As you can see from the above code, the integration works by providing a connection string to the server (my “connection” is named mssql but in a real-world scenario I’d probably use the name of the server/cluster). Each “role” essentially contains the SQL script that Vault will execute against the SQL Server, after replacing the templated values for the Login name (which will be auto-generated). We’ll see this in practice in a few secs. Also note that I’ve set the default ttl to a very low value (1m). Vault will simply delete the SQL Login after the ttl has passed.

Users can request a credential by using the “database” backend created above by specifying one of the two roles we created in that backend. Have a look at the contents of the “testdb_readaccess.hcl” policy to see an example of a policy controlling access to the backend/role.

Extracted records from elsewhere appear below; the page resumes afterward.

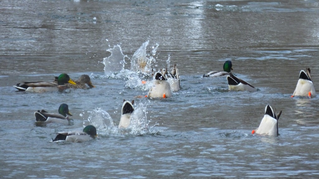 Above the falls, I could only see mallards today, and this bunch had found a spot to graze that was perhaps a little deeper than usual, but not deep enough to dive for. Thus, they had to generate quite a bit more splash with their feet than usual to reach the good stuff.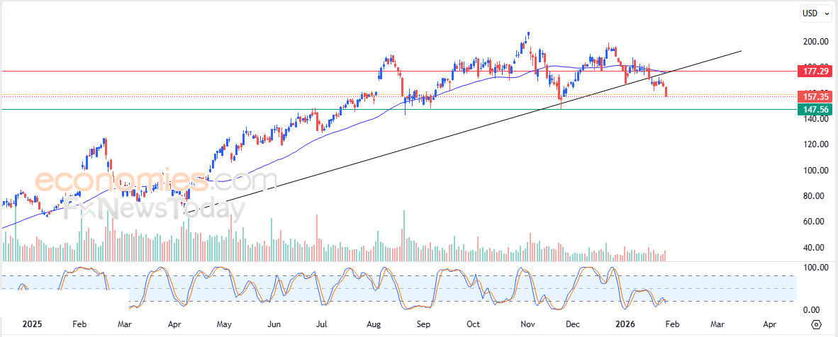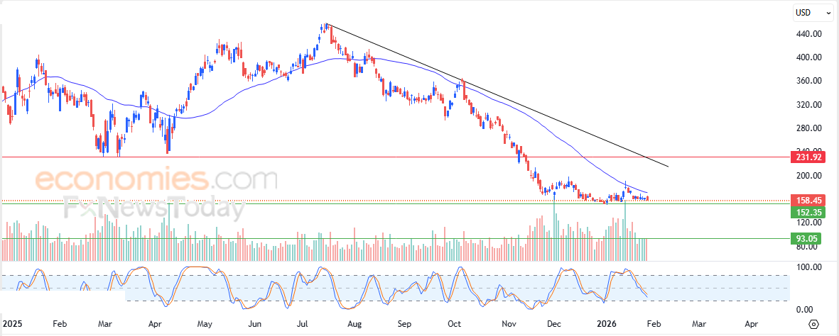 Pertanto ci aspettiamo che il prezzo delle azioni scenda nelle prossime contrattazioni, soprattutto se conferma una rottura al di sotto del livello di supporto di $ 152,35, per raggiungere il supporto successivo a $ 93,00.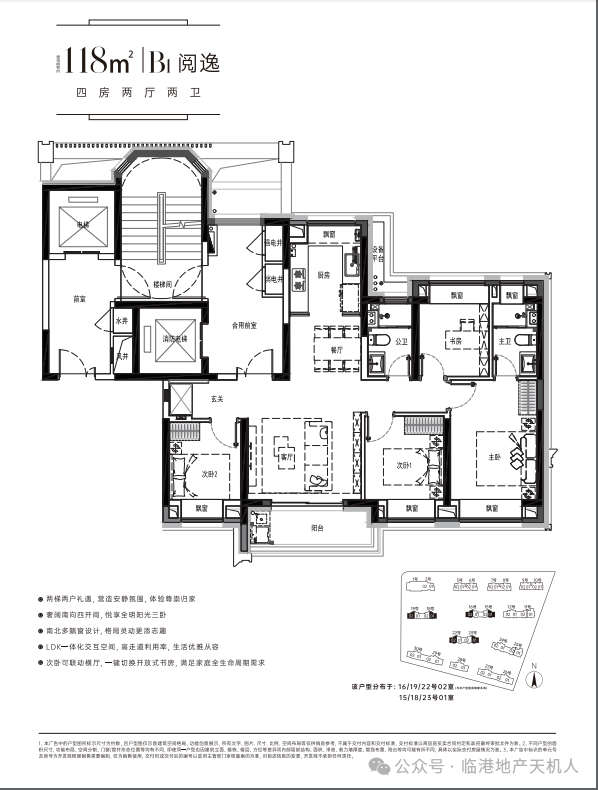建面118㎡四房两厅两卫户型整体采用的罕见的全屋6飘窗+无连廊南北通+四开间朝南+类一梯一户设计。单凭这三点,已经超越临港绝大多数如今的产品!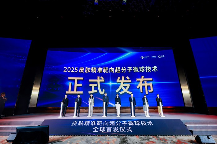 随后,与会者共同见证了皮肤精准靶向超分子微球技术的全球首发仪式以及微球化技术动效解析首发。这一技术的发布,标志着再生医学与精准护肤领域取得了重大突破,为行业带来了全新的发展。

We can now test the sql connection by requesting a few credentials:

#test the thing
vault read database/creds/testdb_readaccess
vault read database/creds/testdb_fullaccess

if you hook up a SQL Server Management studio to port 1433 of the SQL Server container (I’m using ip address by default, but your mileage on that will probably vary) you’ll see two Logins created, and if you wait 60 secs you’ll also see that Vault removes them automatically.

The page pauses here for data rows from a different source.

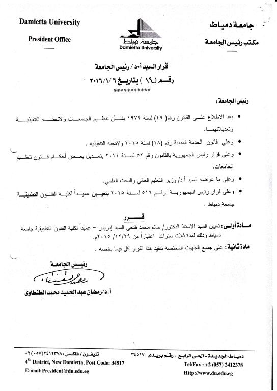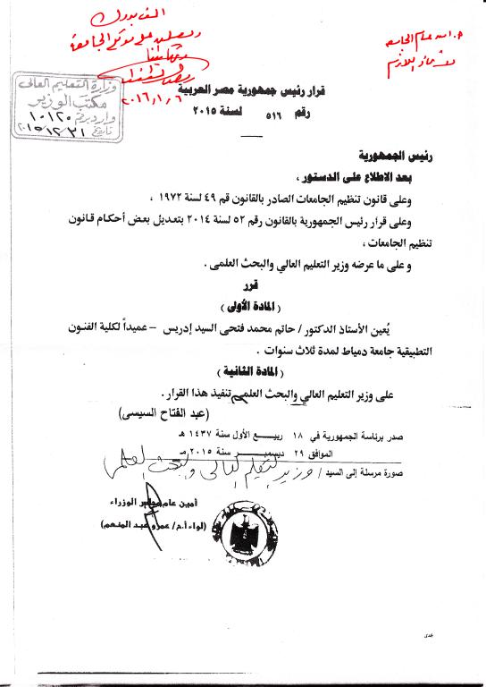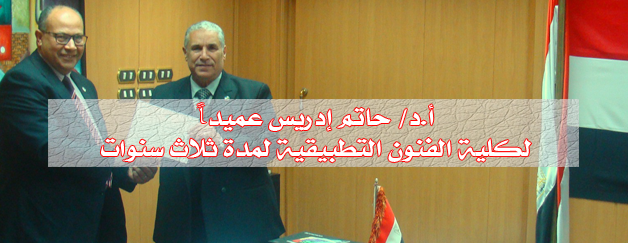 صدر قرار السيد رئيس الجمهورية رقم (516) بتاريخ 29/12/2015 الخاص بتعيين أ.د/ حاتم محمد فتحي السيد إدريس عميداً لكلية الفنون التطبيقية لمدة ثلاث سنوات، وبناءً عليه أصدر اليوم الأربعاء الموافق 6/1/2016م السيد أ.د/ رمضان الطنطاوي- رئيس الجامعة القرار التنفيذي رقم (14)، الخاص بتعيين أ.د/ حاتم محمد فتحي السيد إدريس عميداً لكلية الفنون التطبيقية.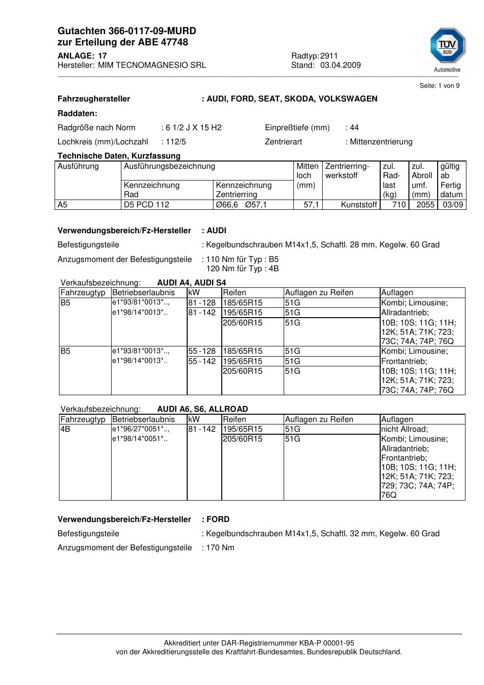 Fahrzeughersteller: AUDI, FORD, SEAT, SKODA, VOLKSWAGEN, VW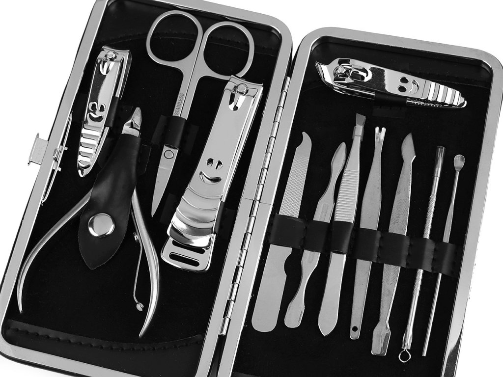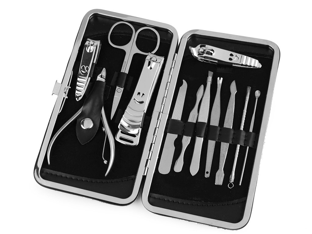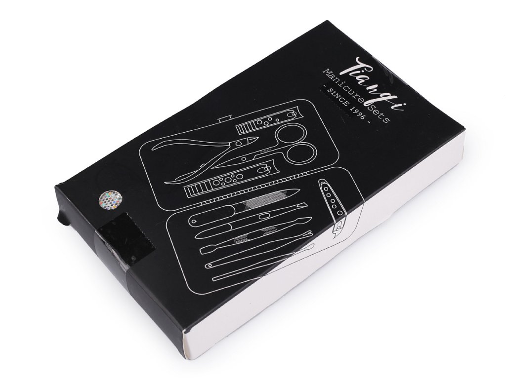 Manikúra obsahuje: nehtové nůžky, pilník, pinzetu, 5 kusů manikúrových nástrojů a 4 kusy nehtových kleští.

Now its time to create an auth backend that our app can use:

#Enable the approle auth backend:
vault auth-enable approle
vault write auth/approle/role/testdb_readaccess role_id=test policies=testdb_readaccess secret_id_ttl=0 token_num_uses=0

#Get a secretId - this is what your CM tool will somehow inject into your vm:
vault write -f auth/approle/role/testdb_readaccess/secret-id

I have to admit I’ve struggled a bit with Vault’s documentation. I think I would have laid out the structure of it very differently if it was a system I owned myself, so it takes some getting used to. It’s probably safe to say that the squeeze is worth the juice tho.

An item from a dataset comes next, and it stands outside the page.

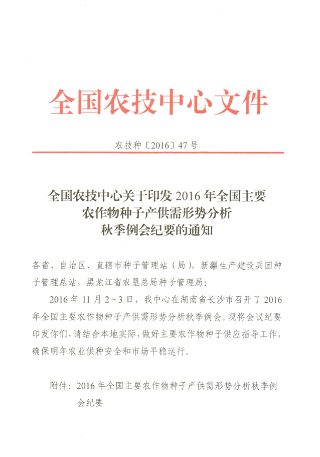 發布日期:2016-12-10 來源:全國農技中心種業信息與技術處 瀏覽次數:

So, just to recap what we’ve done so far:

  • We’ve created a secrets backend based on the “databases/mssql” type
  • We’ve created an auth backend for regular users (where our admin user is, and one other auth backend on the AppRole type.
  • Inside the “databases” backend we’ve created 2 roles (testdb_readaccess and testdb_fullaccess). In Vault lingo a credential is created against a role. Think of roles as containers inside a secret backend, and credentials you create get created inside that role.
  • We’ve created an ACL Policy called “testdb_readaccess”. ACL Policies are not tied to a certain auth or secrets backend, they control overall access in the Vault system. Sinve Vault is very REST-friendly with everything being a path, policies work by allowing different types of access to one or multiple paths.
  • Inside the approle auth backend, we created another role called testdb_readaccess, attached to the policy created above. Any AppRole created against (inside) that role will get applied the policy, and thus gets access to read a credential from the “testdb_readaccess” role inside our database secrets backend.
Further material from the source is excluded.